Познакомился я с Ф. М. Достоевским зимою 1848 года. Это было тяжелое время для тогдашней образованной молодежи. С первых дней парижской февральской революции самые неожиданные события сменялись в Европе одни другими. Небывалые реформы Пия IX отозвались восстаниями в Милане, Венеции, Неаполе, взрыв свободных идей в Германии вызвал революцию в Берлине и Вене. Казалось, готовится какое-то общее! перерождение всего европейского мира. Гнилые основы старой реакции падали, и новая жизнь зачиналась во всей Европе. Но в то же время в России господствовал тяжелый застой, наука и печать все более и более стеснялись, и придавленная общественная жизнь ничем не проявляла своей деятельности. Из-за границы проникала контрабандным путем масса либеральных сочинений, как ученых, так и чисто-литературных, во французских и немецких газетах, несмотря на их кастрирование, беспрестанно проходили возбудительные статьи, а между тем у нас больше, чем когда-нибудь, стеснялась научная и литературная деятельность, и цензура заразилась самой острой книгобоязнью. Понятно, как все это действовало раздражительно на молодых! людей, которые, с одной сторону, из проникающих из-за границы книг знакомились не только с либеральными идеями,, да и с самыми крайними программами социализма, а с другой — видели у нас преследование всякой мало-мальски свободной мысли, читали жгучие речи, произносимые во французской палате, на франкфуртском съезде, и в то же время понимали, что легко можно пострадать за какое-нибудь недозволенное сочинение, даже за неосторожное слово!.. Чуть не каждая заграничная почта приносила известие о новых правах, даруемых, волей или неволей, народам, а между тем в русском обществе ходили только слухи о новых ограничениях и стеснениях. Кто помнит то время, тот знает, как все это отзывалось на умах интеллигентной молодежи.

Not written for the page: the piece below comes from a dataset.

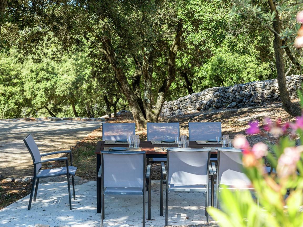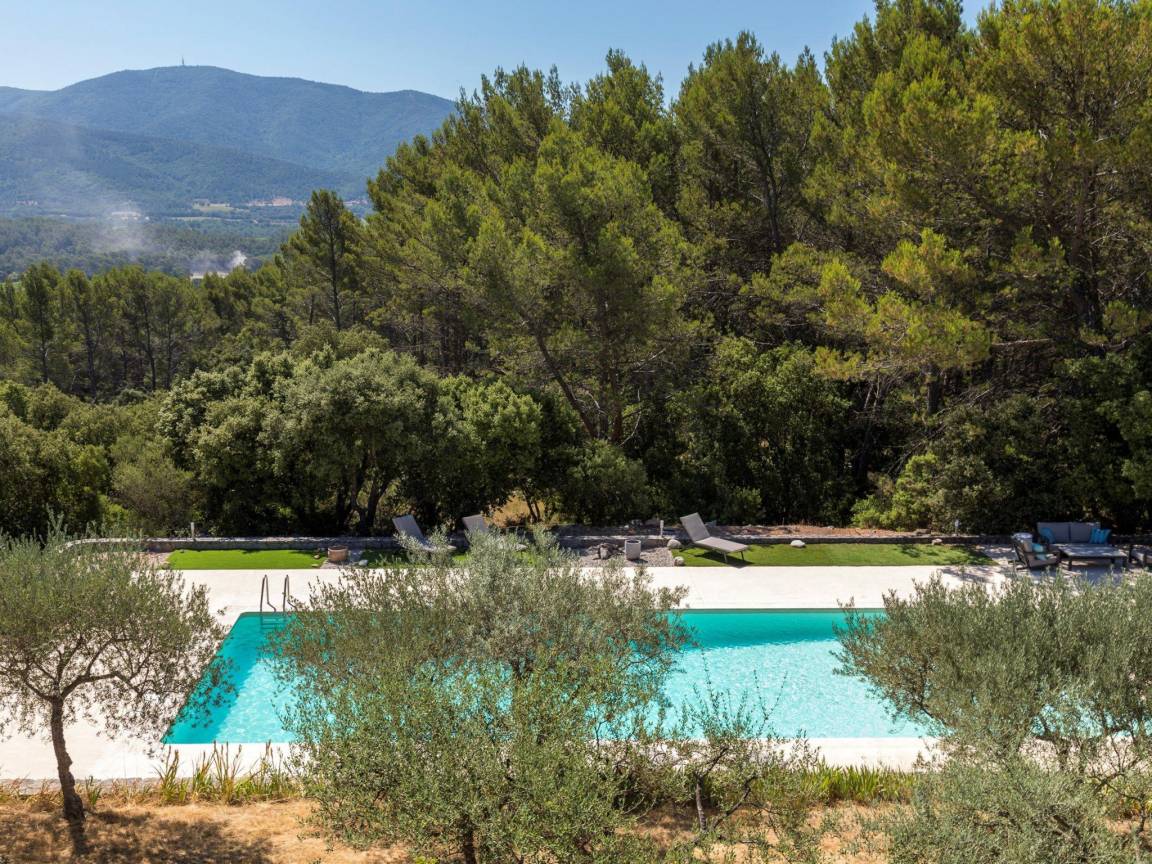 Hausbeschreibung : Hier haben Sie die Privatsphäre, die Sie in Ruhe wieder aufladen kann. Eine Villa mit geschmackvoller Einrichtung, bequemen Betten und einer fantastischen Lage mit Panoramblick. Sie sind von Natur aus auf Ihrem privates Grundstück von ca. 4 Hektar umgeben. Ziehen Sie ein paar Runden in Ihrem großen privaten Pool, nehmen Sie einen Aperitif auf der Terrasse an dem schönen Stein Pool-Haus (mit Kühlschrank, WC und Dusche) und Handtuch auf Ihrer Liege. Das ist Urlaub !

И вот в Петербурге начали мало-ло-малу образовываться небольшие кружки близких по образу мыслей молодых людей, недавно покинувших высшие учебные заведения, сначала с единственной целью сойтись в приятельском доме, поделиться новостями и слухами, обменяться идеями, поговорить свободно, не опасаясь постороннего нескромного уха и языка. В таких приятельских кружках завязывались новые знакомства, закреплялись дружеские связи. Чаще всего бывал я на еженедельных вечерах у тогдашнего моего сослуживца Иринарха Ивановича, Введенского, известного переводчика Диккенса. Обычными посетителями там были В. В. Дерикер — литератор и впоследствии доктор-гомеопат, Н. Г. Чернышевский и Г. Е. Благосветлов, тогда еще студенты, и преподаватель русской словесности в одной из столичных гимназий, а потом помощник инспектора классов в Смольном монастыре А. М. Печкин. На вечерах говорили, большею частью, о литературе и европейских событиях. Те же молодые люди бывали и у меня.

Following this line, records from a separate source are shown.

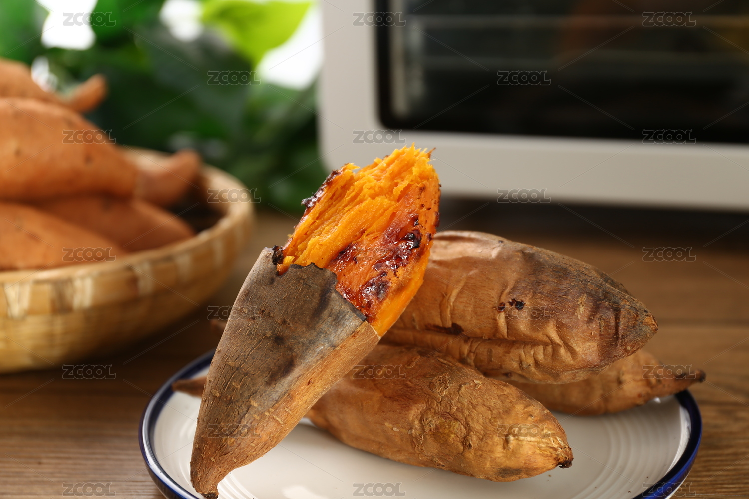 白底上放著半節(jié)黃心蜜薯
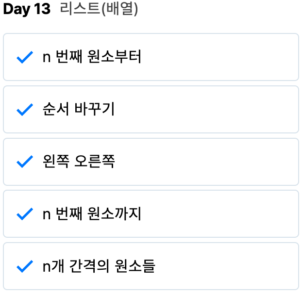 [코딩 기초 트레이닝] Python 13일차 (n 번째 원소부터, 순서 바꾸기, 왼쪽 오른쪽, n 번째 원소까지, n개 간격의 원소들)
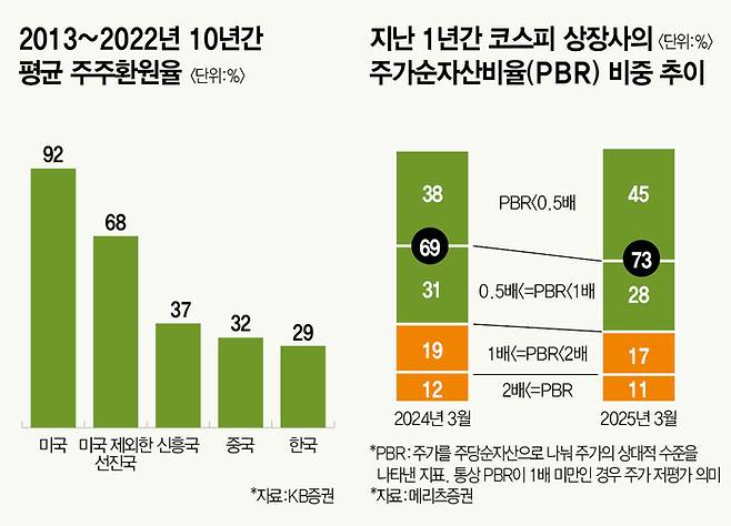국내 증시가 글로벌 증시 대비 저평가됐다는 핵심 지표가 주가순자산비율(PBR)이다. 주가를 장부 가치로 나눈 수치다. PBR이 1배 미만이면 회사가 보유 자산을 전부 매각하고 사업을 접을 때보다 현 주가가 싸다는 뜻이다. 코스피 PBR(12개월 선행)은 0.79배다. 우리나라 상장 기업 자산을 처분했을 때 얻는 돈이 시가총액보다 많다. 심지어 이전 저점인 2024년 8월 0.8배보다 낮아졌다. 미국(4배), 일본(1.4배)에 비해 한참 아래다.
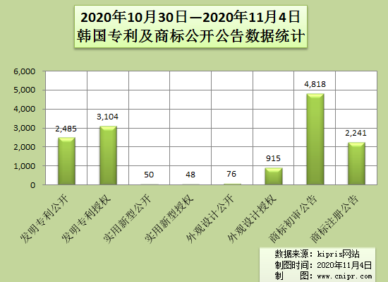 2020年10月30日—2020年11月4日韩国专利及商标公开公告数据统计
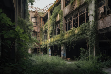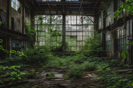 ruined factory with broken windows and crumbling walls, surrounded by overgrown greenery, created with generative ai

Однажды Печкин пришел ко мне утром и, между прочим, спросил, не хочу ли я познакомиться с молодым начинающим поэтом, А. Н. Плещеевым. Перед тем я только что прочел небольшую книжку его стихотворений, и мне понравились в ней, с одной стороны, неподдельное чувство и простодушие, а с другой — свежесть и юношеская пылкость мысли. Особенно обратили наше внимание небольшие пьесы: ‘Поэту’ и ‘Вперед’. И могли ли, по тогдашнему настроению молодежи, не увлекать такие строфы, как, например:
Вперед! без страха и сомненья
На подвиг доблестный, друзья!
Зарю святого искупленья
Уж в небесах завидел я.
Смелей! дадим друг другу руки
И вместе двинемся вперед,
И пусть под знаменем науки
Союз наш крепнет и растет!
Разумеется, я ответил Печкину, что очень рад познакомиться с молодым поэтом. И мы скоро сошлись. Плещеев стал ездить ко, мне, а через несколько времени пригласил к себе на приятельский вечер, говоря, что я найду у него несколько хороших людей, с которыми ему хочется меня познакомить.
И действительно, я сошелся на этом вечере с людьми, о которых память навсегда останется для меня дорогою. В числе других тут были: Порфирий Иванович Ламанский, Сергей Феодоровин Дуров, гвардейские офицеры Николай Александрович Монбелли и Александр Иванович Пальм и братья Достоевские, Михаил Михайлович и Федор Михайлович. Вся эта молодежь была мне очень симпатична. Особенно сошелся я с Достоевскими и Монбелли. Последний жил тогда в московских казармах, и у него тоже сходился кружок молодых людей. Там я встретил еще несколько новых лиц. и узнал, что в Петербурге есть более обширный кружок М. В. Буташевича-Петрашевского, где на довольно многолюдных сходках читаются речи политического и социального характера. Не помню, кто именно предложил мне познакомиться с этим домом, но я отклонил это, не из опасения или равнодушия, а оттого, что сам Петрашевский, с которым я незадолго перед тем встретился, показался мне не очень симпатичным по резкой парадоксальности его взглядов и холодности ко всему русскому.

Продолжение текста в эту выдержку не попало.